カスタム投稿タイプとは
「register_post_type」は、カスタム投稿タイプを作成できる関数です。
関数の解説をする前に、まずカスタム投稿タイプについて少しだけ説明します。
カスタム投稿タイプは独自の投稿を作るイメージ
WordPressでよく使うものと言えば、「投稿」と「固定ページ」ではないでしょうか。
カスタム投稿タイプは、その標準の「投稿」とは別に、オリジナルの「投稿」を作るようなものだと思っていただければいいと思います。
既存の「投稿」ではできなかった、こんなすごいことができる!というイメージよりは、かゆいところに手が届くようなイメージでしょうか。
読者よりも、記事を投稿する人が使いやすくなるカスタマイズとも言えそうです。
オススメはプラグインではなくて、「functions.php」に記載すること
カスタム投稿タイプは、実はプラグインを使っても作成できます。
その中でもオススメのプラグインは「Custom Post Type UI」でしょう。
直感的で無駄がなく、日本語にも対応しています。
すでに、多くの人に使われているプラグインです。
しかし、実はこのプラグインでも設定できない項目がいくつかあります。
加えて、他のブログに同じカスタム投稿タイプを作成しようと思っても、プラグインを入れるところから始まります。

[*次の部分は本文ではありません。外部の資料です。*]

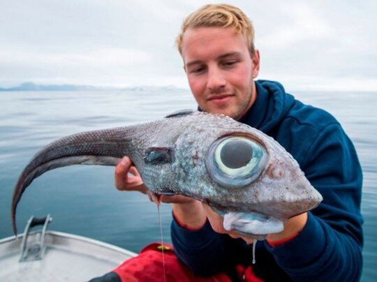 Анна ДЖЕДЖУЛА, «ФАКТЫ» Норвежский тинэйджер Оскар Лундал поймал на удочку у берегов острова Аннейа удивительную рыбу с огромными глазами, которая поставила его самого и его друзей в соцсетях в тупик. Одним она напоминало динозавра, другим — инопланетянина, третьим — дракона. На самом деле это крайне редко встречающаяся рыба, латинское название которой Chimaeras Monstrosa Linnaeus, в честь химеры — чудовища с головой льва и хвостом змеи из древнегреческих мифов). Известна она также, как американский гидролаг — хрящевая рыба отряда химерообразных. Она состоит в родстве с акулами и жила в океане еще 400 миллионов лет назад. Гидролага очень редко можно выловить, так как он обитает на большой глубине. Лундал говорит, что поймал свою добычу на глубине около 800 метров и сматывал леску около получаса. 19-летний Оскар признается, что чуть не выпал за борт от удивления, когда увидел свой улов. Как пишет газета The Sun, норвежец зажарил рыбу дома и говорит, что она была довольно вкусной, несмотр
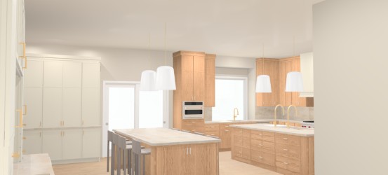 please change the color of the kitchen perimeter cabinetry to antique white keep the countertops kitchen islands windows and flooring the same color
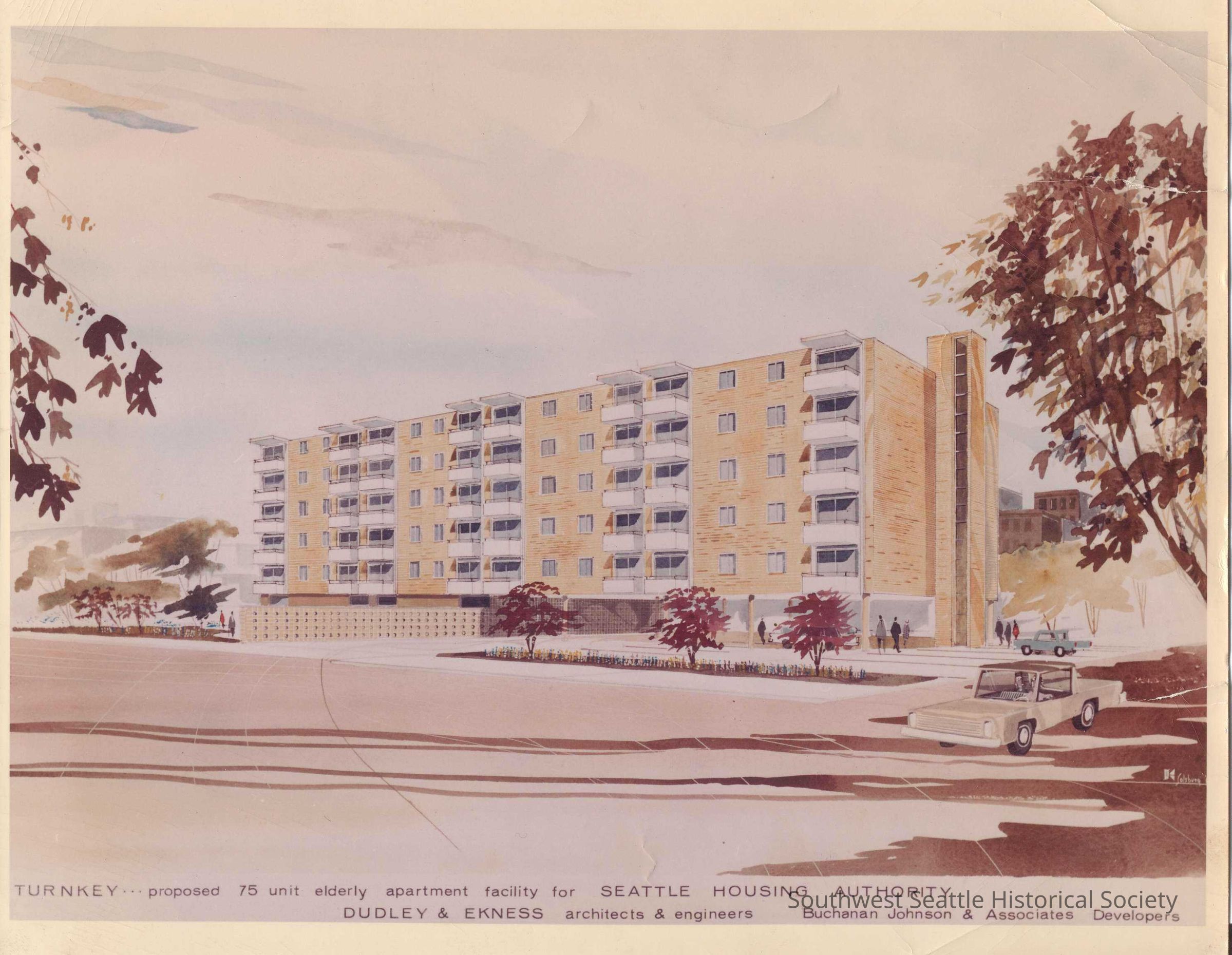 Photograph of an architect's rendering of some Seattle Housing Authority Apartments. The complex is named "High Point Court". The front reads "TURNKEY... proposed 75 unit elderly apartment facility for SEATTLE HOUSING AUTHORITY. DUDLEY & EKNESS architects & engineers. Buchanan Johnson & Associates Developers"

もちろん、プラグインを入れたら設定もイチから行わなければなりません。
テーマファイルの「functions.php」に記述する「register_post_type」ならば、コピー&ペーストをすればよく、移植性に優れています。
(「Custom Post Type UI」には、設定内容を「register_post_type」に自動変換してくれる「Get Code」という機能もありますが、バグも含まれており、実用には至っていません。)
functions.phpに「register_post_type」を指定する方が格段に柔軟で、オススメできます。
「register_post_type」のデメリットと言えば、やはり覚えなくてはならないことでしょうか。
「register_post_type」を噛み砕く
それでは、「register_post_type」の詳しい設定内容を噛み砕いていきましょう。
なお、ここに挙げた設定内容はあくまで一例であり、未知の設定が見つかったりもします・・・。
見つかり次第、この記事に追記していきます。
参考までに、Codex(WordPress公式サイト内のドキュメント)では、例として以下のように記載されています。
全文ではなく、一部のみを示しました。